Boas arranged for Comer to assemble additional, and even more comprehensive, collections for the American Museum of Natural History. Comer not only brought back thousands of objects, he made detailed written records of Inuit life, made dozens of sound recordings, took hundreds of photographs, and even made plaster life masks of Inuit faces. The photos, life masks, and sound recordings were among the first ever obtained among the native people of Arctic Canada.

Comer frequently visited the American Museum of Natural History, assisting with Arctic exhibits or other projects. By about 1910 the Museum could boast that it had the finest Arctic holdings in the world. Boas published two books based in large part on Comer’s fieldwork, giving the Captain the credit he deserved. Comer maintained his associations with Boas and the museum and added to his credentials by doing pioneering archaeological work in Greenland during an expedition from 1915 to 1917.

Comer made one final, ill-fated voyage to Hudson Bay in 1919. Assisting ethnologist Christian Leden on a research and commercial trip, their schooner Finback was wrecked when it struck rocks. Comer and crew survived and safely made their way home. Although the trip was a failure, Comer had succeeded in visiting his Inuit friends one last time.FullSizeRender (3)

Settling back home, Comer became a celebrity in Connecticut, regaling visitors with stories of the North. He served a term in the state legislature and was often called upon to give talks to groups. He illustrated these with lantern slides prepared from his Arctic photographs. He continued to correspond with prominent scholars, museum officials, and Arctic explorers and had occasional contact with Boas.

During the last years of his life Comer also maintained his fondness for the American Museum of Natural History and its staff.  In a 1925 letter to its director, he clearly expressed this sentiment, stating, “My life has been made brighter and my vision of life broadened by coming in contact with the Museum and its people.” He provided his museum friends with gifts from the East Haddam countryside, occasionally sending pussywillows or apples to the secretaries and prominent curators such as Clark Wissler and Robert Cushman Murphy.

George Comer died of Bright’s Disease, a form of kidney disease, in 1937. His passing was noted in New York and Connecticut newspapers.
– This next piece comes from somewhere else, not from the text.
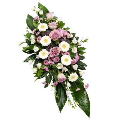 Zeige deine Zuneigung mit diesem liebevollen Trauergesteck in Lila und Weiß. Ein wunderschönes, doppelendiges Gesteck, geschmückt mit einer bezaubernden Mischung aus Rosen, Chrysanthemen, Gerbera und Eustomen in Rosa-, Flieder- und Weißtönen. Diese Sargauflage bietet ein außergewöhnliches Preis-Leistungs-Verhältnis und ist eine bedeutungsvolle, aber dennoch erschwingliche Möglichkeit, Beileid auszudrücken. Dieses wunderschöne Arrangement ist eine rührende Geste, die Trost in einer schwierigen Zeit spendet und sicherstellt, dass deine Gefühle mit Anmut und Aufrichtigkeit übermittelt werden.

As a tribute and gesture of remembrance, a year later the State of Connecticut dedicated a small park and monument in his honor near his home in East Haddam. Twenty years after he had acquired his final specimens for the American Museum of Natural History, staff members contributed to his memorial. Several attended the 1938 monument dedication, as did the daughter of Robert Peary (the Arctic explorer who was the first man to reach the North Pole). Comer would have undoubtedly appreciated this final recognition from family and museum people—two groups that had meant so much to him. Only the Inuit were missing, but they would come later.

In 1999, two women from Hudson Bay came to Mystic Seaport to study the Comer collections there and to meet with Captain Comer’s great-grandson Thomas Comer and other Comer family members. The Inuit women had a special interest in the meeting. Bernadette Dean and Rhoda Karetak, are, respectively, the great-granddaughter and granddaughter of Shoofly, Captain Comer’s long-time companion. Although they likely are not blood relatives, Bernadette Dean and Tom Comer have formed a strong relationship and share a common heritage.  Comer spent years in the territory of the Inuit and his life and legacy came full circle when, nearly 100 years later, Bernadette Dean visited his monument and grave.